3. The “B” Word: Not that one. “Budget.” Realistic and honest, it needs to include an assessment of the monthly bills, and it needs to include fun money.
It doesn’t need to be elaborate. It just needs to be.
The family budget needs to be readily available as a reference point. This one is non-negotiable. Make one tonight.
4. Limit Conversations: Communication is the most important factor in successful relationships. We get that, but enough is enough and it’s often too much. Having to justify every expenditure is exhausting. Instead, pick an amount that can be spent without having to consult. Then, set an amount that needs a phone call or text. Finally, decide on an amount that needs a face-to-face encounter. One couple uses $50, $51-$99, and $100+, but your number depends on your bottom line as a couple.
5. The Golden Rule Has Nothing to Do With Gold in Your Portfolio: Instead, it has to do with the first rule you were taught about how to treat others. Discussions about money will happen. They won’t always be the happiest talk you have in a week, but fundamental rules apply as time goes by. Make sure the hot button words we named earlier (“cheapskate,” gasbag,” etc) are out of bounds. Remember, as long as the arrangement is honest no one is right or wrong.
6. Don’t Hesitate to Enlist Additional Ears: If money squabbles have turned into full-on conflagrations they may have hijacked your marriage. Now, you’re coming close to calling it, and more drastic measures may need to be employed. Consider enlisting another set of ears, such as a financial planner.

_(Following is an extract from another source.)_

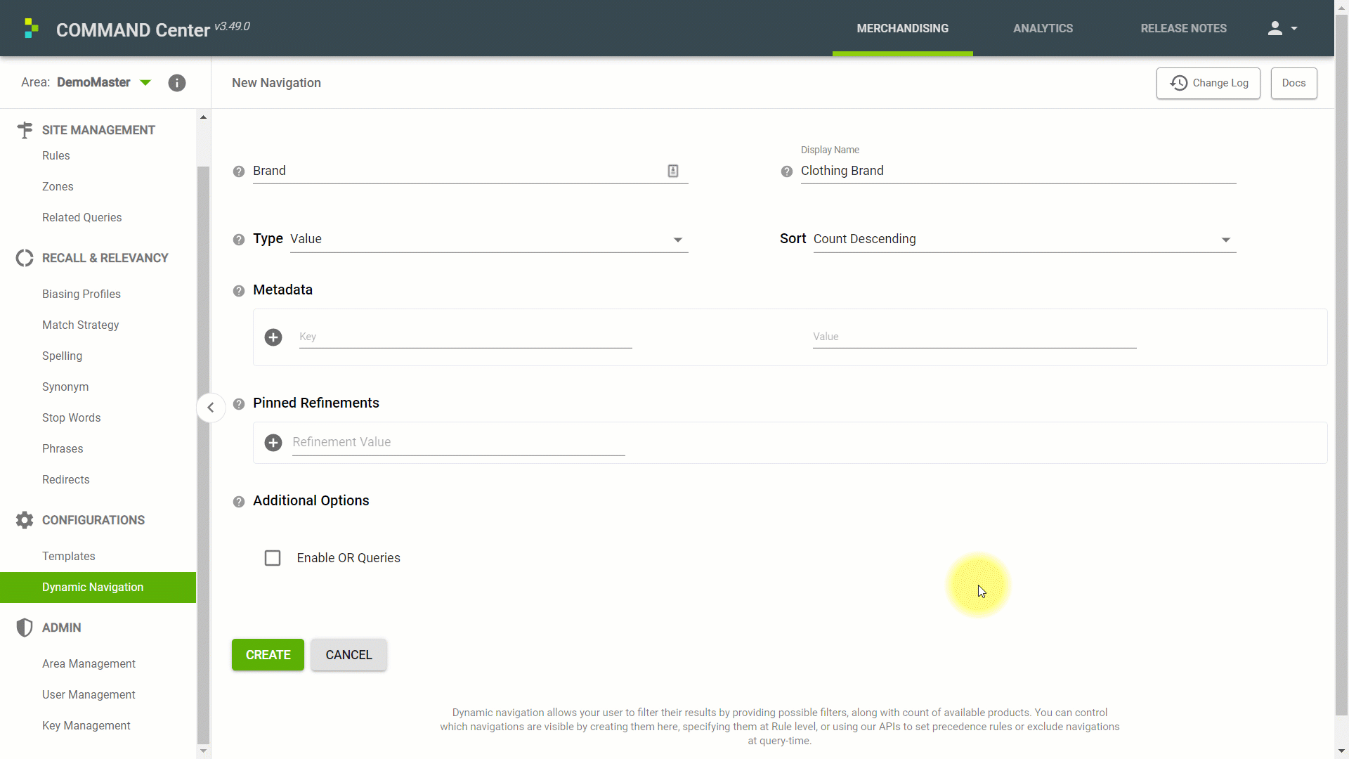 Pinned refinements can be used to control the order of the first twenty refinements returned by the engine. This allows you to promote specific brands or styles, as well as set a limited manual sort order for sizes or dimensions. Any remaining refinements that are available will be returned in the order defined in the Sort dropdown.

Couples recently separated from the military often have questions about navigating the civilian financial world.
Find one that charges by the hour, thereby avoiding a long-term financial commitment to someone ostensibly helping you avoid long-term financial commitments. Or, if you are a religious couple, enlist the help of a church ministry. A couple’s therapist is another possibility. Finally, there is an emerging discipline known as “financial therapy, specifically helping couples navigate the seas of financial turmoil.
He really is dashing and she’s as captivating as the day you first danced on the beach at Table Bluff. You just have to get over this whole money thing, and you can. Trust us on that one.